Увы, семья моя была настроена отнюдь не воинственно! Я застал жену и
девочек в слезах, ибо приходивший к ним мистер Торнхилл объявил им, что их
поездке в город не суждено совершиться. Дамы, получив от какого-то
завистника, который будто бы был к нам вхож, дурной о нас отзыв, в тот же
день уехали в Лондон. Мистеру Торнхиллу не удалось выяснить ни личности
того, кто распускал о нас злонамеренные слухи, ни причины, побудившие его к
тому; впрочем, каковы бы ни были эти слухи и кто бы ни был их творцом,
мистер Торнхилл спешил нас заверить в своей дружбе и покровительстве. Таким
образом мою неудачу они перенесли с достаточной твердостью, ибо она
растворилась в их собственном, гораздо большем, горе.
Особенно дивились мы тому, что нашелся человек, достаточно низкий,
чтобы оклеветать столь безобидное семейство, как наше: мы были бедны, а
следовательно, завидовать нам было не в чем; держались же мы с таким
смирением, что казалось за что нас можно ненавидеть?

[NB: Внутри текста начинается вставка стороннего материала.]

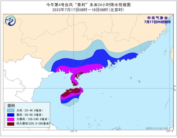 降水预报:7月17日08时至18日08时,广东西部和南部、广西中南部、海南岛、福建南部等地部分地区有大到暴雨,其中,广西南部、广东西南部、海南岛中北部等地部分地区有大暴雨,广东西南部沿海、海南岛北部等地局地特大暴雨(250~280毫米)。

Коварство мистера Берчелла разоблачено полностью. Кто мудрит, тот
остается в дураках
Остаток вечера и часть следующего дня были посвящены тщетным догадкам:
кто же наш враг? Почти не было такой семьи по соседству с нами, на которую
не пало бы подозрение, причем каждый из нас имел свои особые причины
подозревать то или иное семейство. Так сидели мы да гадали, когда вдруг в
комнату вбежал один из малышей; он держал в руках какой-то бумажник и
сказал, что подобрал его, играя на лужайке. Бумажник этот был нам всем
хорошо знаком - не раз видели мы его в руках у мистера Берчелла. Среди бумаг
всякого рода внимание наше привлекла к себе одна: она была запечатана и на
ней значилась следующая надпись: "Копия письма, которое надлежит послать
двум дамам в замок Торнхилл". Мы тут же все решили, что клеветник найден, и
только колебались: распечатывать ли нам письмо или нет? Я всячески
противился тому, но Софья, говоря, что изо всех известных ей людей он менее
всего способен на такую низость, настаивала на том, чтобы письмо было
прочитано вслух. Ее поддержали все и, уступив их просьбам, я прочитал
следующее:
"Сударыни, предъявитель сего письма откроет вам имя того, кто к вам
обращается: автор его есть друг добродетели, готовый, воспрепятствовать
всякому покушению ее совратить. Мне стало известно о вашем намерении увезти
в столицу, под видом компаньонок, двух молодых особ, отчасти мне знакомых. Я
не могу допустить, чтобы доверчивость была обманута, а добродетель поругана,
и считаю своим долгом предупредить вас, что столь неосторожный шаг с вашей
стороны повлечет за собой последствия самые пагубные. Не в моих правилах с
излишней суровостью карать тех, кто погряз в разврате и безнравственности; и
ныне я не стал бы пускаться в объяснения, если бы речь шла всего лишь о
какой-нибудь легкомысленной проказе, а не о тяжком проступке. Примите же мое
дружеское предостережение и поразмыслите о последствиях, каковые наступят,
если порок и распутство проникнут туда, где доныне царила мирная
добродетель".
С сомнениями было покончено. Правда, это письмо можно было понимать
двояко, и осуждение, в нем выраженное, могло бы с таким же успехом
относиться к тем, кому оно было адресовано, как и к нам. Но так или иначе
оно дышало явным недоброжелательством, а этого с нас было довольно. У жены
едва достало терпения дослушать письмо до конца, и она тут же дала волю
своему негодованию на его автора. Оливия была не менее сурова, а Софья
казалась потрясенной его предательством. Что касается меня, я в жизни не
встречал более вопиющей неблагодарности. И я объяснял ее единственно его
желанием задержать мою младшую дочь в деревне, чтобы самому иметь
возможность чаще видаться с ней.
Мы перебирали различные способы мщения, когда второй наш малыш прибежал
сообщить, что мистер Берчелл идет к нам и уже находится на том конце поля.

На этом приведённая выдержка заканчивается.